I tried cleaning the IAA. I took it off and sprayed some Carb cleaner into it. I did not dismantle the whole thing though. I took off the Air Cleaner and the tube going to the ECCS. I cleaned the air filter. I saw a sort of an Air Sensor which comes right after the filter. I did not dare try to clean it fearing that I might break it. It looked so delicate. I pumped in a lot of Carb Cleaner Spray into the ECCS thingy. I cleaned up the plugs. I screwed everything on afterwards.

Afterwards, I opened up the distributor cap. I found out that the rods and the rotor itself were already corroding. I cleaned it up a bit.

I assembled back everything and then started the engine. It sounded smoother even when i adjusted idle lower drastically. Idle now is at 800rpm. Gasoline mileage is now better. I took it for a spin and everything seems better.
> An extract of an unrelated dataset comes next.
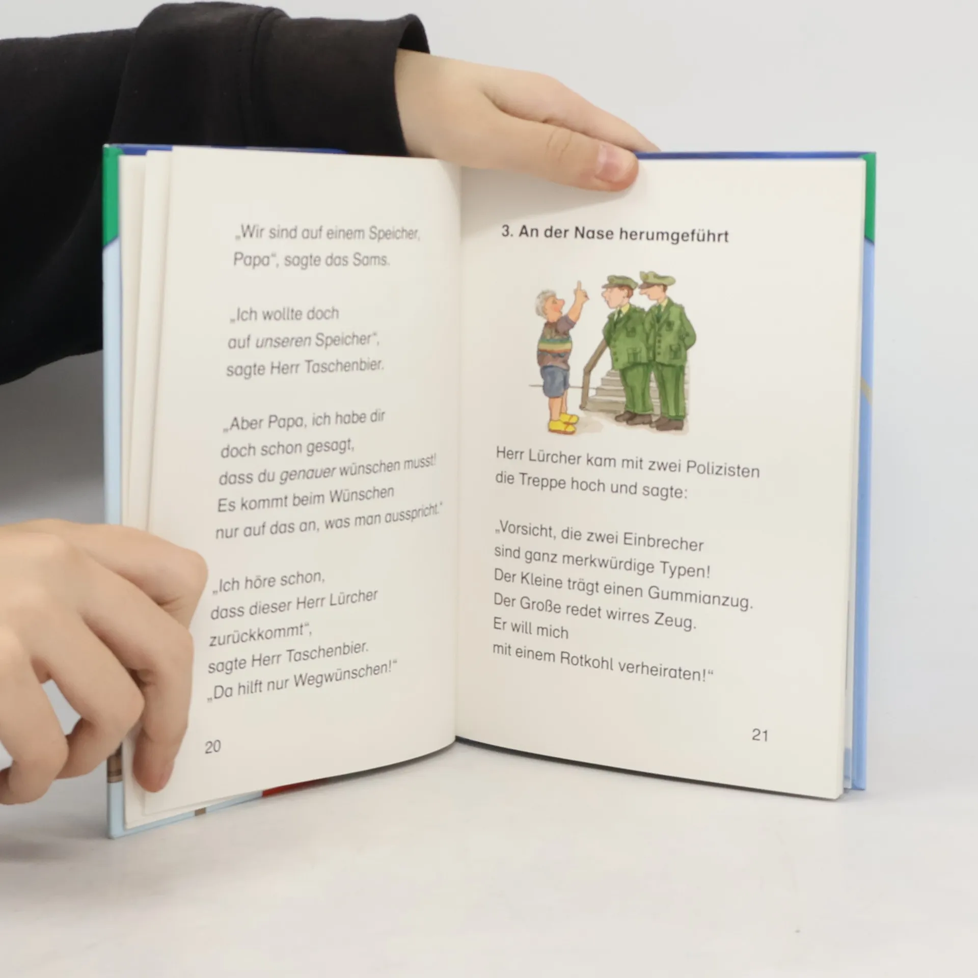 Verrückte Welt: Die Wunschmaschine stiftet Chaos! Oh nein: Die Wunschpunkte im Gesicht des Sams verschwinden! Höchste Zeit, dass Herr Taschenbier seine Wunschmaschine fertigstellt! Die hat er auf dem Dachboden von Frau Rotkohl versteckt. Auf dem schnellsten Weg wünscht er sich und das Sams dorthin. Doch die beiden landen auf dem falschen Dachboden und stehen einem aufgebrachten Hausmeister gegenüber. Zum Glück können das Sams und Herr Taschenbier durch einen weiteren Wunsch entkommen und landen bei der Wunschmaschine. Endlich kann Herr Taschenbier sie ausprobieren, und was wünscht er sich als Erstes? Ganz viel Geld! Es klappt, und überall im Zimmer finden sich Münzen und Geldscheine wieder: nur in der falschen Währung. In „Das Sams und die Wunschmaschine“ sind erstmals farbige Illustrationen von Paul Maar abgebildet.

I tried to restart the engine in the following morning. The idle would still die out if you release the gas pedal but would get better when the engine has been warmed up.

Things are definitely better than before except for the engine dying out if I release the gas pedal specially when the engine is not warm yet.

If I am correct, perhaps I missed out something. Any tips? Can I clean the Airflow sensor? How? Should I replace my distributor cap and cables too?

Thanks to all of you. Can't wait to work on my babe again soon.


----------